**WHAT THE TASK ASKS:**
Word for word, write the lines below out again, with no pictures.

**Stored items:**

+ + +

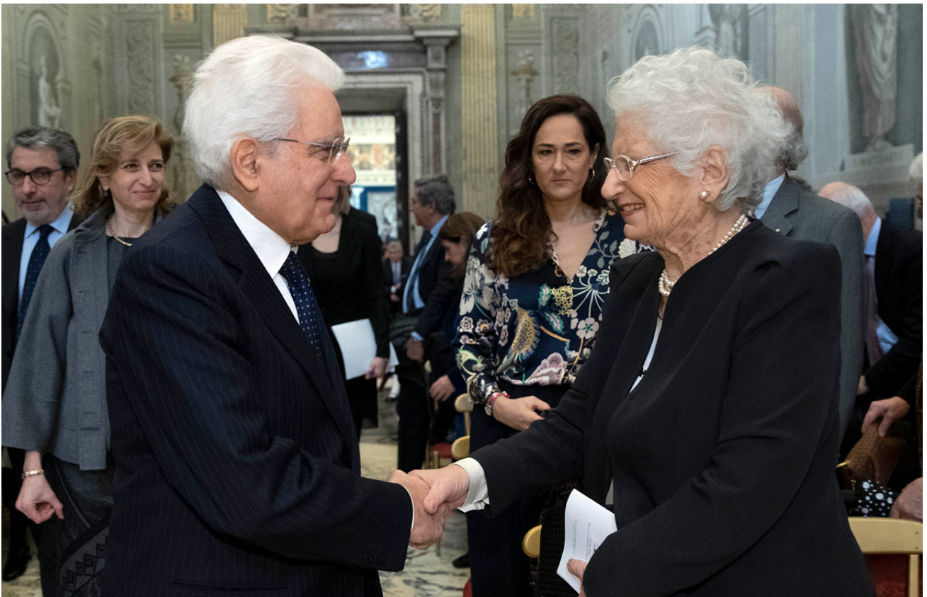
Liliana Segre, ja senadora, saluda el president de la República Italiana, Sergio Mattarella. 2019.

Des dels comptes de Salvini i des dels vinculats al seu partit, s'instigava als assetjaments contra persones gitanes. Un de molt dramàtic va ser contra dues dones grans gitanes a les quals uns treballadors del supermercat Lidl
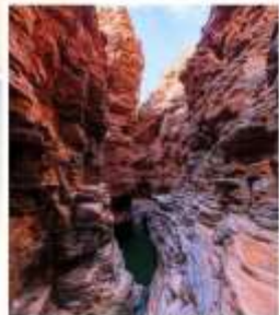
แกรนด์แคนยอนยูลาโกว
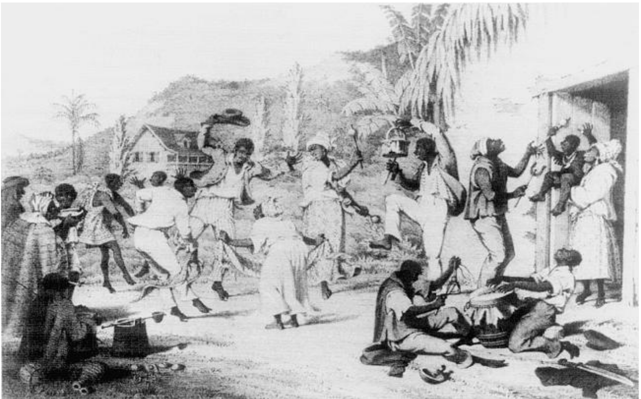
Peinture très stéréotypée d'une danse des esclaves.

Pour les colons, les esclaves ne peuvent pas être "à l'hauteur" des bonnes grâces européens, et ne font qu'une copie pitoyable des bonnes manières sociales et culturelles des blancs. Ils ne voient pas que les esclaves poussent au ridicule les manières et prétentions de blancs se moquent discrètement de leurs maîtres!
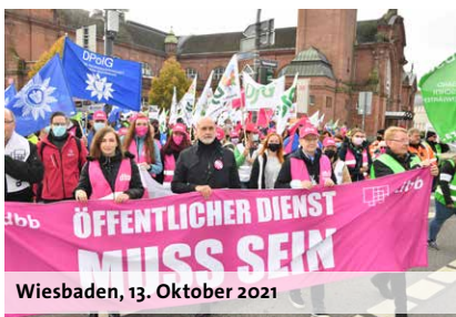
Wiesbaden, 13. Oktober 2021
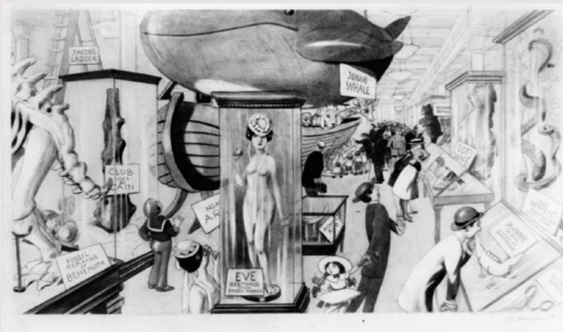
Velryba se od 19. století stala součástí nejedné muzejní expozice. Zde na karikatuře Olivera Herforda.

V současné chvíli probíhají po celém světě debaty o definici muzea a národní i mezinárodní výbory ICOM připravují pro své členy různá dotazníková šetření. Český výbor uvítal iniciativu muzeologů z Masarykovy univerzity, kteří budou moderovat debatu o definici muzea na národní úrovni. V únoru a březnu 2021 připravili dotazník, o jehož vyplnění jsme žádali muzejní zaměstnance, pracovníky univerzitních a akademických pracovišť i zástupce zřizovatelů. Dotazník vyplnilo 499 respondentů, z nichž 73 % tvoří zaměstnanci
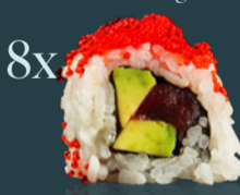
TUNA AVOCADO ROLL
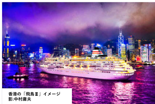
香港の「飛鳥Ⅱ」イメージ

海外クルーズならではの特別なイベント(鏡開きやデッキディナーなど)もお楽しみいただけます。
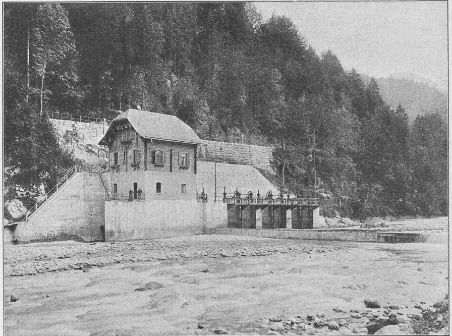
Abb. 9. Ansicht der Wasserfassung in der Bregenzer Ach unterhalb Bezau.

Da das Riedener Werk nur einen verhältnismässig kleinen Teil des Strombedarfes ständig deckt, und in erster Linie die Aufgabe hat, mittels seiner Dampfanlage den Betrieb zu sichern, und den Kraftausfall bei Niederwasser zu decken, fällt der Hauptanteil an der Stromlieferung der hydro-elektrischen Zentrale Andelsbuch zu. Dieses im Januar 1908 in Betrieb gestellte Werk, dessen Anlagen mit grosser Sorgfalt ausgeführt sind, dürfte für die Leser dieser Zeitschrift von Interesse sein, weshalb es im Nach-
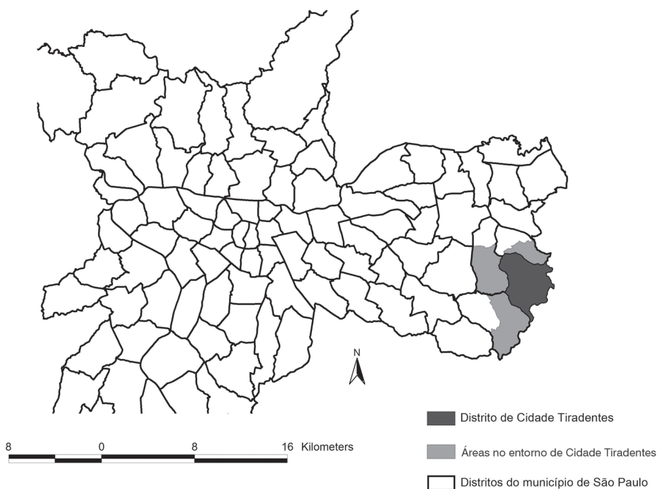
MAPA 1 Região de estudo Distrito de Cidade Tiradentes e áreas no seu entorno
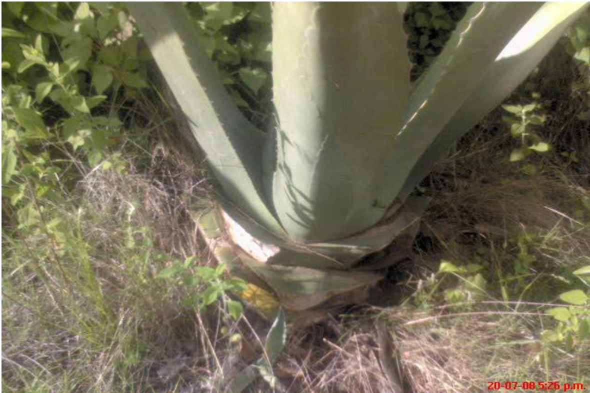
Figura 15. Poda del maguey ( Agave salmiana ).
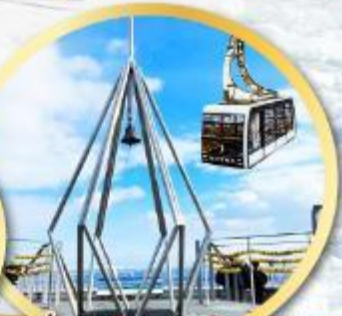
นั่งกระเช้าชมวิวเมืองซัปโปโร MT.MOIWA
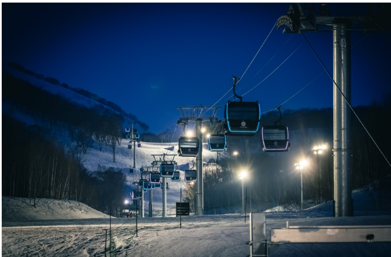
写真: 冬季の HANAZONO シンフォニーゴンドラの様子。この斜面が Mountain Lights に彩られる。
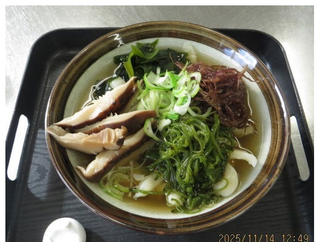
できあがった「いげばっと」
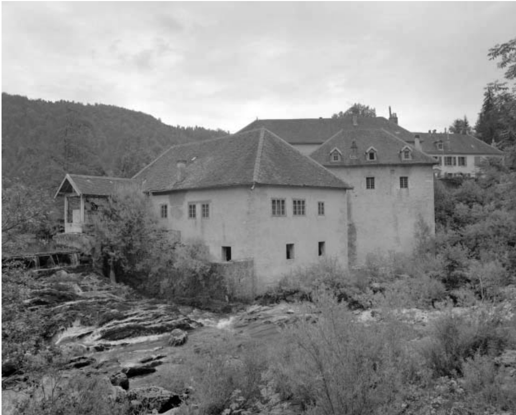
Scierie, vue depuis l'ouest.
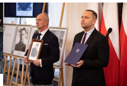
Podsumowanie prac BPil 2023 r.
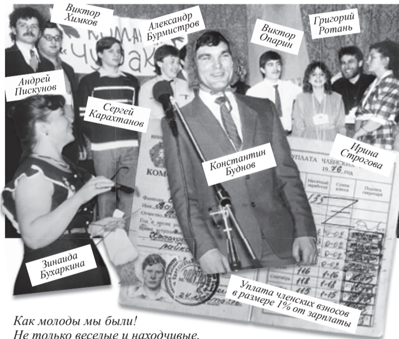
Как молоды мы были! Не только веселые и находчивые, но и дисциплинированные комсомольцы совхоза им. Жданова

Член ВЛКСМ обязан... содействовать укреплению дружбы народов СССР, братских связей советской молодежи с молодежью стран социалистического содружества, с пролетарской трудящейся и учащейся молодежью мира. (Из Устава ВЛКСМ)
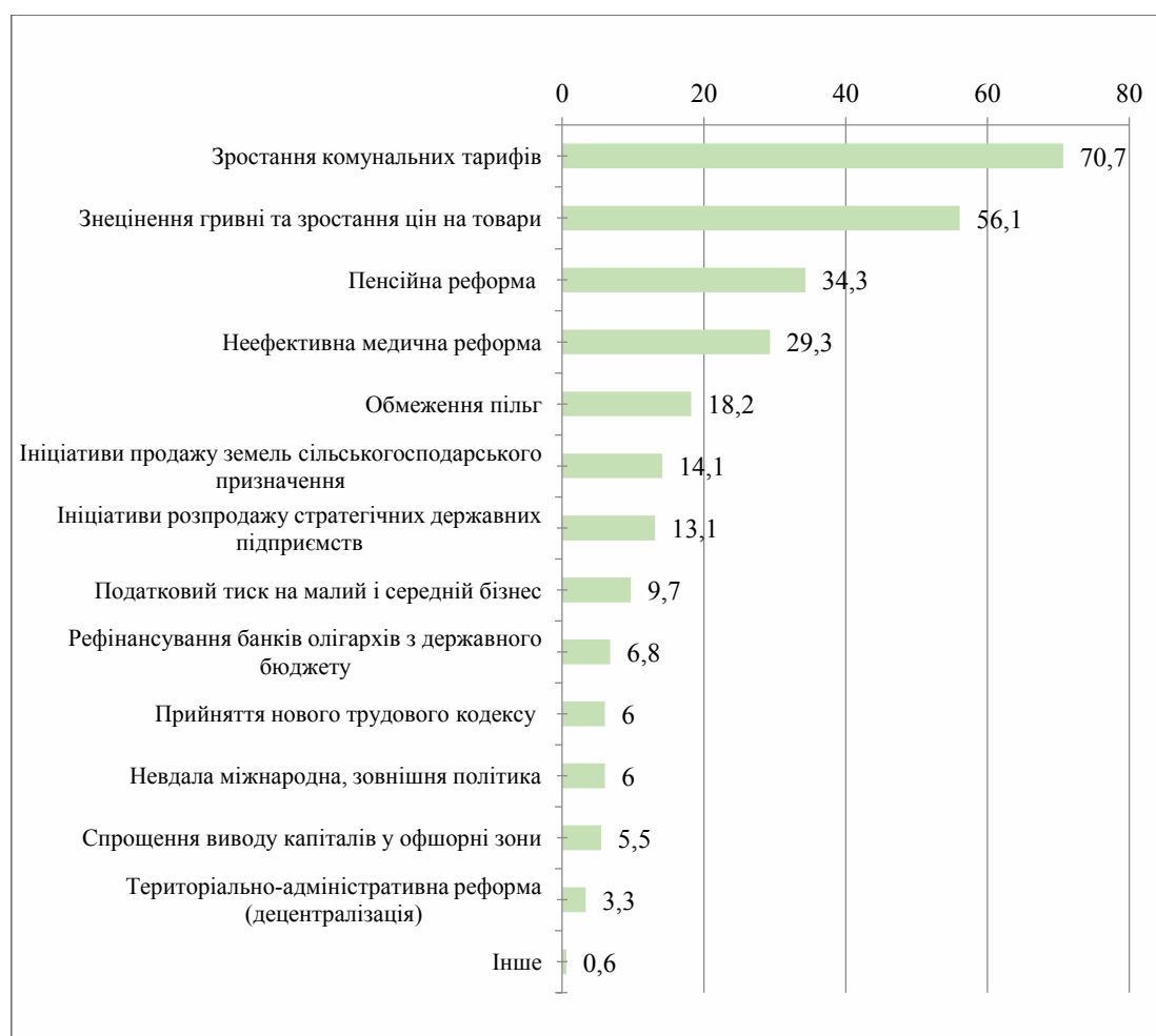
Рис. 3. Рейтинг соціально-економічних дій влади та наслідків, що турбують найбільше, %

зростання цін більше непокоїть небагатих респондентів, але таких, що не перебувають за межею абсолютної бідності (60%). Третю сходинку серед соціально-економічних дій Уряду, які викликають занепокоєння українців, займає пенсійна реформа (34,3%), яка зі зрозумілих причин більше турбує респондентів пенсійного та передпенсійного віку (відповідно, 42,3% та 42,6%), а також тих, хто перебуває за межею абсолютної бідності (44,4%). На четверту позицію вийшла проблема нібито неефективності медичної реформи (29,3%). Найбільше занепокоєння медичною реформою спостерігається в східних областях (37%) та у віковій групі 60+ (33,7%). Топ-5 проблем замикає проблема обмеження пільг, яка турбує майже кожного п'ятого опитаного (18,2%) і особливо – представників старшої вікової групи (27%) (рис. 3, табл. 3).
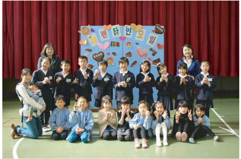
手作りしたカップケーキを持って記念撮影☆
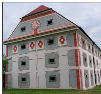
Chanovice – vrchnostenská sýpka

Současně však pokračovala devastace dvora, který využívalo místní JZD. Tento proces se zastavil v roce 1990 a následující citlivé úpravy nejen zachránily již těžce zdevastovaný cenný areál, ale umožnily jeho plné využití. Financování rekonstrukce bylo umožněno s příspěvím programu Phare a později fondů EU.

+ + +

**WRITTEN SOLUTION:**
Liliana Segre, ja senadora, saluda el president de la República Italiana, Sergio Mattarella. 2019.

Des dels comptes de Salvini i des dels vinculats al seu partit, s'instigava als assetjaments contra persones gitanes. Un de molt dramàtic va ser contra dues dones grans gitanes a les quals uns treballadors del supermercat Lidl
แกรนด์แคนยอนยูลาโกว
Peinture très stéréotypée d'une danse des esclaves.

Pour les colons, les esclaves ne peuvent pas être "à l'hauteur" des bonnes grâces européens, et ne font qu'une copie pitoyable des bonnes manières sociales et culturelles des blancs. Ils ne voient pas que les esclaves poussent au ridicule les manières et prétentions de blancs se moquent discrètement de leurs maîtres!
Wiesbaden, 13. Oktober 2021
Velryba se od 19. století stala součástí nejedné muzejní expozice. Zde na karikatuře Olivera Herforda.

V současné chvíli probíhají po celém světě debaty o definici muzea a národní i mezinárodní výbory ICOM připravují pro své členy různá dotazníková šetření. Český výbor uvítal iniciativu muzeologů z Masarykovy univerzity, kteří budou moderovat debatu o definici muzea na národní úrovni. V únoru a březnu 2021 připravili dotazník, o jehož vyplnění jsme žádali muzejní zaměstnance, pracovníky univerzitních a akademických pracovišť i zástupce zřizovatelů. Dotazník vyplnilo 499 respondentů, z nichž 73 % tvoří zaměstnanci
TUNA AVOCADO ROLL
香港の「飛鳥Ⅱ」イメージ

海外クルーズならではの特別なイベント(鏡開きやデッキディナーなど)もお楽しみいただけます。
Abb. 9. Ansicht der Wasserfassung in der Bregenzer Ach unterhalb Bezau.

Da das Riedener Werk nur einen verhältnismässig kleinen Teil des Strombedarfes ständig deckt, und in erster Linie die Aufgabe hat, mittels seiner Dampfanlage den Betrieb zu sichern, und den Kraftausfall bei Niederwasser zu decken, fällt der Hauptanteil an der Stromlieferung der hydro-elektrischen Zentrale Andelsbuch zu. Dieses im Januar 1908 in Betrieb gestellte Werk, dessen Anlagen mit grosser Sorgfalt ausgeführt sind, dürfte für die Leser dieser Zeitschrift von Interesse sein, weshalb es im Nach-
MAPA 1 Região de estudo Distrito de Cidade Tiradentes e áreas no seu entorno
Figura 15. Poda del maguey ( Agave salmiana ).
นั่งกระเช้าชมวิวเมืองซัปโปโร MT.MOIWA
写真: 冬季の HANAZONO シンフォニーゴンドラの様子。この斜面が Mountain Lights に彩られる。
できあがった「いげばっと」
Scierie, vue depuis l'ouest.
Podsumowanie prac BPil 2023 r.
Как молоды мы были! Не только веселые и находчивые, но и дисциплинированные комсомольцы совхоза им. Жданова

Член ВЛКСМ обязан... содействовать укреплению дружбы народов СССР, братских связей советской молодежи с молодежью стран социалистического содружества, с пролетарской трудящейся и учащейся молодежью мира. (Из Устава ВЛКСМ)
Рис. 3. Рейтинг соціально-економічних дій влади та наслідків, що турбують найбільше, %

зростання цін більше непокоїть небагатих респондентів, але таких, що не перебувають за межею абсолютної бідності (60%). Третю сходинку серед соціально-економічних дій Уряду, які викликають занепокоєння українців, займає пенсійна реформа (34,3%), яка зі зрозумілих причин більше турбує респондентів пенсійного та передпенсійного віку (відповідно, 42,3% та 42,6%), а також тих, хто перебуває за межею абсолютної бідності (44,4%). На четверту позицію вийшла проблема нібито неефективності медичної реформи (29,3%). Найбільше занепокоєння медичною реформою спостерігається в східних областях (37%) та у віковій групі 60+ (33,7%). Топ-5 проблем замикає проблема обмеження пільг, яка турбує майже кожного п'ятого опитаного (18,2%) і особливо – представників старшої вікової групи (27%) (рис. 3, табл. 3).
手作りしたカップケーキを持って記念撮影☆
Chanovice – vrchnostenská sýpka

Současně však pokračovala devastace dvora, který využívalo místní JZD. Tento proces se zastavil v roce 1990 a následující citlivé úpravy nejen zachránily již těžce zdevastovaný cenný areál, ale umožnily jeho plné využití. Financování rekonstrukce bylo umožněno s příspěvím programu Phare a později fondů EU.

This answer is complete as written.